Hey everyone,
I heard someone complain recently about how no one wants to buy her books. More specifically, this bitchfest revolved around how people email or tweet her to ask for free books when she’s worked years on them on how this is completely unreasonable.
It is.
But so is the bitchfest.
If you want to sell books—and large numbers of them—then you’re going to need to shift your mindset from being an author to being a businessperson, place yourself in your reader’s shoes, and then understand how to talk about your books in a way that appeals to them.
If this writer asked me for advice, I’d have said:
- Sure, it took you years to write the book. That is not the reader’s problem and to be honest, no one gives a damn. In fact, as a reader, often even you don’t give a damn. I picked up a New York Times bestselling novel recently, hated it, and didn’t even finish reading the whole thing. It’s not my problem how long it took the author to write it, it’s my problem whether or not I want to spend my hard-earned money and limited free time on something that I feel gives me enough value, entertainment, information, etc. (Also: Learn to write faster.)
- If someone is reluctant to pay the $2.99 or $9.99 or whatever it costs to buy your book, you have not communicated the value of it properly. Your readers should be thanking you for the low price of your books, not moaning about them. And you can see an example of this in my own reviews—readers frequently tell me what a steal my books are and beg me to release print versions (working on it).
- You’re speaking to the wrong kind of market. I’m going to assume that you’re marketing your books, otherwise this whole conversation is moot anyway. So, how are you talking about them? What kind of people are you speaking to? If you, like me, sell books on freelancing, giving talks to broke college students is a mistake (even though this is widely peddled advice). Because like it or not, the college student would sooner drop £300 on a handbag than £3 on your book. Instead, you should be talking to a ready and willing crowd of writers. Do it online. Offer them actual value and watch your sales grow. This goes for all kinds of books, by the way, including fiction. (It’s only how we define “value” that changes, not the strategy itself.)

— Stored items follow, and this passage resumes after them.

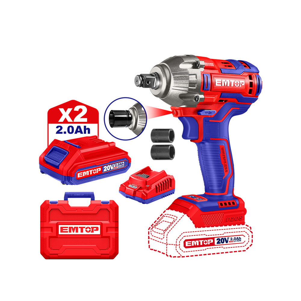 Brushless motorVoltage:20VSquare drive:1/2""No-load speed:0-1300/0-2300rpmImpact rate:0-2000/0-3300bpmMax torque:300NMWith 2pcs 2.0Ah battery packWith 1pcs chargerCharge volts:220-240V~50/60Hz Integrated work lightLED battery power indicatorWith 2pcs sockets(19 21mm)Packed by plastic box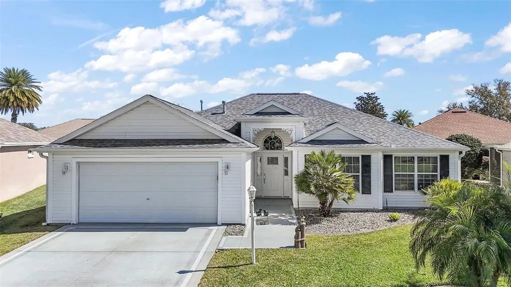 Discover this charming 3-bedroom, 2-bathroom Oleander model in the highly sought-after Village of Winifred! A painted driveway and walkway welcome you to the inviting front entrance, beautifully accented by glass sidelights and a horizon window. Step inside a spacious foyer with a convenient coat closet, opening to a warm and welcoming living area. The home boasts vaulted ceilings and laminate flooring throughout the main living spaces, creating a seamless and stylish feel. NO CARPET! The kitchen is functional and stylish, featuring tile flooring, Corian countertops, stainless steel appliances, a tile backsplash, rollouts, and an ISLAND with a Quartz countertop. A cozy eat-in area adds charm, while a pass-through to the dining room with tray ceiling makes entertaining effortless. The dining room flows into a spacious living room, perfect for gatherings with friends and family. Retreat to the primary suite topped with a tray ceiling, two walk-in closets, and an en-suite bath featuring a tiled walk-in shower, dual sinks, and a medicine cabinet. The guest bedrooms offer comfortable accommodations, with a nearby guest bath featuring a tub/shower combo. An inside laundry room with built-in cabinets adds convenience. Enjoy the ENCLOSED LANAI with brick-like flooring, an ideal space for relaxing or entertaining. A perfect grilling area or outdoor seating space awaits just beyond, with privacy shrubs offering a tranquil setting. The 2-car garage features a SCREEN and ample storage space. Updates include Roof: 2022 HVAC: 2017 The Village of Winifred offers a prime location, just minutes from Arnold Palmer Legends Country Club, Winifred Neighborhood Recreation Center, Laurel Manor Regional Recreation Center, and Saddlebrook Softball Complex. Enjoy easy access to Spanish Springs Town Square, Lake Sumter Landing Market Square, shopping, dining, medical care, and more! Come see why this should be your next home.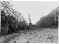 1939 Men, teams of horses, and a construction derrick in a canal channel.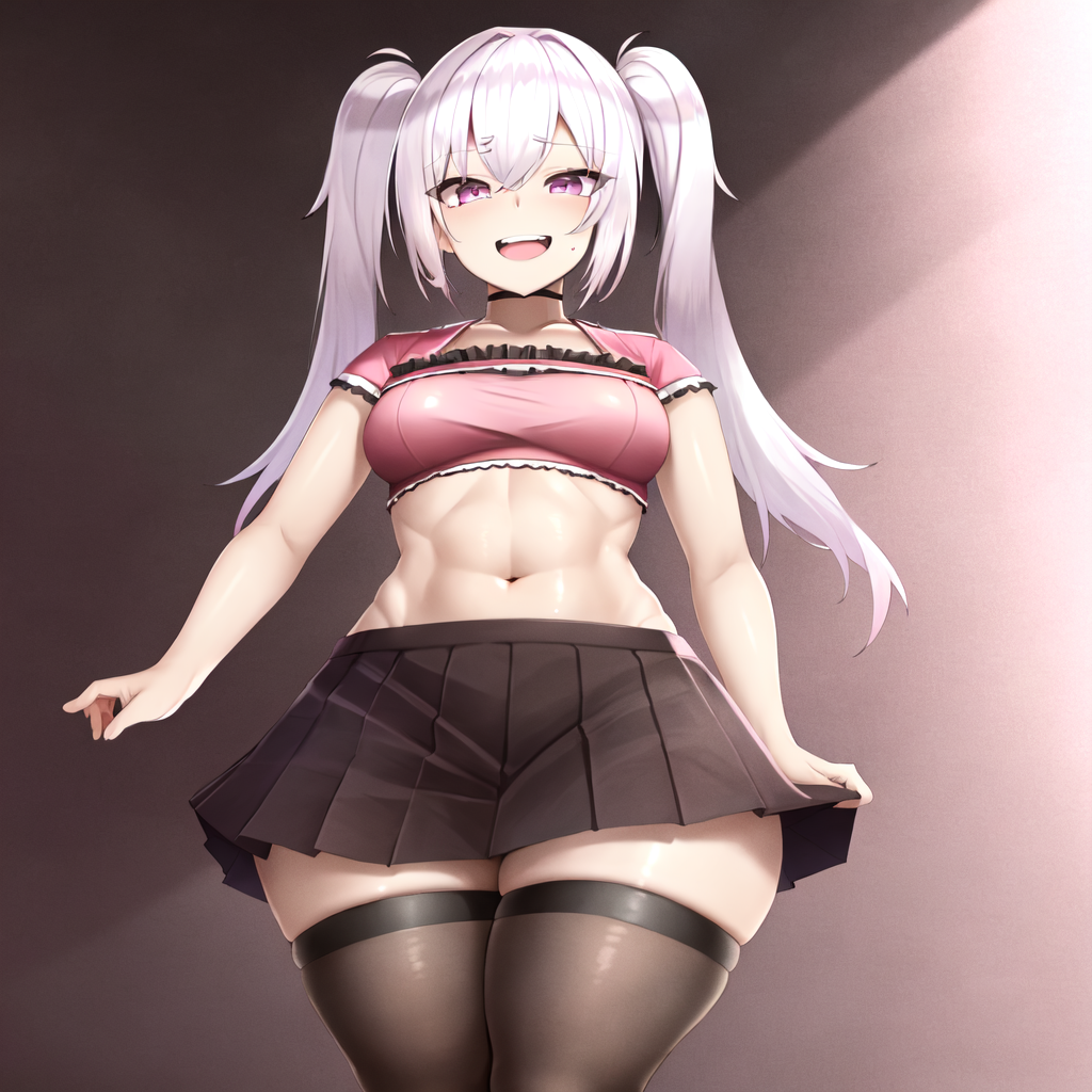 pink crop top, navel, short sleeves, black wristwatch, black skirt, pleated skirt, miniskirt, zettai ryouiki, black thighhighs, brown boots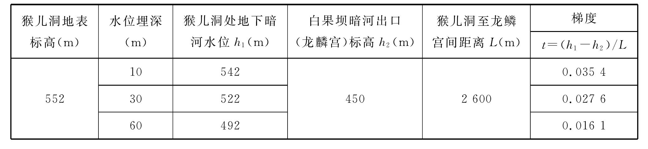 隧道左側的白果壩暗河的猴兒洞至暗河的龍麟宮出口段走向N40°E,暗河出口標高450m,猴兒洞漏斗地表標高552m,兩處相距2 600m。白果壩溝為干溝,白果壩暗河水位在地表以下。猴兒洞漏斗處的暗河水位在地表以下10m、30m、60m的情況下,猴兒洞—龍鱗宮暗河出口段的暗河徑流梯度如表2-7所示。

Anyway, there’s a whole lot more that I could say about this, but these are the key areas that writers forget and thus lead to lost sales.
They’re super easy to fix, too.
In fact, in the last three months, I have 4-xed my own nonfiction book sales with no paid promotions, no social media, and no front-end selling. I’ll talk more about the strategy of that in a future post, but in the meantime let me remind you that you cannot get to the strategy if your mindset is all screwed up.
Fix the mindset and the strategy will automatically follow.